Background: Effective bone-cartilage integration remains a challenge in orthopedic surgery. Conventional methods often fail to reconstruct the native osteochondral interface. This study explores a scaffold-mediated approach utilizing co-cultured osteoblasts and chondrocytes, with platelet-rich plasma (PRP) as a potential promotor for bone-cartilage interface healing.

Methods: We developed a co-culture system integrating both osteoblasts and chondrocytes on PLGA scaffolds, either with or without PRP supplementation. Cell phenotype maintenance was evaluated by RT-PCR, while morphological analysis was performed by scanning electron microscopy and fluorescence microscopy. To assess healing potential, we created a gap-mimic construct comprising bone, scaffold, and cartilage layers, which was implanted subcutaneously in BALB/c-nude mice. Gap healing was evaluated at 4 and 8 weeks through macroscopic examination, quantitative adhesion analysis, and histological assessment of cellular invasion.

Results: Co-cultured osteoblasts and chondrocytes maintained their phenotypes on PLGA scaffolds, with PRP significantly enhancing cell adhesion (215% increase for chondrocytes, 120% for osteoblasts) and proliferation. In vivo, cell-containing scaffolds demonstrated significantly greater attachment at the bone-cartilage interface compared to acellular constructs. PRP-treated scaffolds exhibited higher attachment rates (82.3% vs 76.7%) and cellular invasion (5/6 vs 3/6 constructs) at 8 weeks, with invasion observed as early as 4 weeks in the PRP group, suggesting accelerated remodeling.
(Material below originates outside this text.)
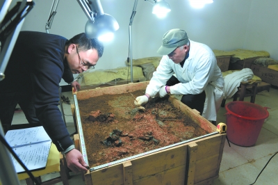 考古現(xiàn)場在緊張有序地準(zhǔn)備主棺柩吊運(yùn),實(shí)驗(yàn)室則在有條不紊地對先前發(fā)掘的文物進(jìn)行考古,主棺吊運(yùn)、文物清理保護(hù)兩不誤。這幾天,在文保用房里, 工作人員正在對偶車馬進(jìn)行清理記錄。據(jù)悉,清理中的偶車馬是先前在主墓甬道中發(fā)現(xiàn)的。工作人員在做每一層清理時,都會留下豐富的資料,包括影像拍攝、文字 記錄、圖表繪制等。偶車馬的清理發(fā)掘,對研究西漢列侯出行制度有很大參考價值。

Conclusion: This study demonstrates the feasibility of developing transplantable scaffolds containing co-cultured osteoblasts and chondrocytes while preserving their phenotypes. These scaffolds exhibit significant potential in promoting healing at the bone-cartilage interface, with PRP further enhancing proliferation and improving the scaffold's ability to promote bone-cartilage interface healing.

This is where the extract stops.